Apt title, Janvs. Naming your band after the two-faced Roman deity is a good way to underscore the dual nature of your identity. In this case, it’s a fresh blend of black metal’s speedy ferocity with a more contemplative, emotional side. It might be too early to call these guys the Italian black metal Opeth, but there’s a lot here that recalls that band’s famous light/heavy interplay.

For most of the album, that duality is primarily expressed as you progress track by track. Opener “Torri de Vetro” is a slicing assault, but rendered with a bright, clean sound that emphasizes a unique melodic sensibility. This is not your typically eeevil Dark Funeral rehash or a cramped, mesmerizing drone – it’s an original, energetic take on the genre. In some ways, this – and “Mediterraneo,” which comes later – recall melodeath’s riff-oriented exuberance (with Finnish bands like Omnium Gatherum being the closest points of comparison). There are also a few gentle interludes in both tracks, but it’s not until we hit “Saphire” or the title track that the other side of Janvs’ identity is fully expressed.

These tracks unfold more like a blend between Agalloch and Anathema, featuring plaintive clean vocals set against soaring, sorrowful melodies. “Saphire” comes off a little jazzier and playful, but “Vega” is a swooning nocturne, full of delicate moments and big emotional peaks. Lead singer Matteo “Vinctor” Barelli has a rich, confident voice – equal parts Mikael Akerfeldt and Vincent Cavanagh (although parts of “Saphire” oddly reminded me of Perry Farrell as well). The fact that he delivers his vocals in Italian just makes them soar that much more. In an unconventional inverse, these mellow tracks feature short blasts of black metal at their cores, but I found these digressions to be more jarring than exciting. Only “Vesper II” brings both of Janvs’ halves – furious battery and gentler introspection – together, and it’s a stunning finale. In the future I think I’d prefer this kind of even-handed balance, and it’s this song in particular that really drives the Opeth comparison home.

(It does seem that Janvs also has a third identity trying to be heard, represented by track 3, “Tarab.” It’s an experimental piece of doom with an Arabic vibe, but it lacks the energy and flowing melodies of the other tracks, and just disrupts the album as a whole. No disrespect to the band, but I generally skip past it.)
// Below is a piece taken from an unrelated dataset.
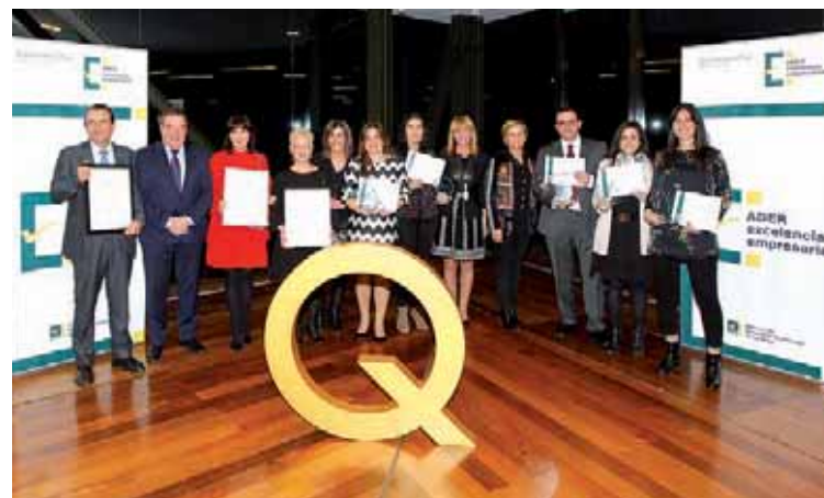
Premiados y autoridades tras la entrega de los premios.

El Gobierno regional destacó el compromiso de los organismos públicos para mejorar la calidad y el servicio a los ciudadanos, así como la apuesta por la excelencia de las empresas distinguidas.

Any fresh take on black metal is always extremely welcome, especially when executed with as much quality as Vega. In a lot of ways, Janvs reminds me of (now-defunct) Italian compatriots Spite Extreme Wing, a band that also fused a novel melodic expression onto a conventional black metal framework. Their final release, Vltra, is fantastic in its own right, but the stark uniformity of that album sometimes makes it a slog to get through. Vegas shifting moods, introspective moments and warmer melodies make it something I think I’ll be returning to more often. Strongly recommended.

[Visit the band's website]
Written by Jordan Itkowitz
February 13th, 2009


  1. Commented by: axiom

    Man, I gotta check this out. I thought Spite Extreme Wing’s latest was excellent also.

  2. Commented by: stiffy

    For a guy like me who doesn’t like a lot of Black, this rulz my face. I liked the last release by them just as much. Agalloch fans, this is a must. Great review, Jordan. You have been nailing some lately.

  3. Commented by: Belgarath

    Yeah, I really love this. Great review.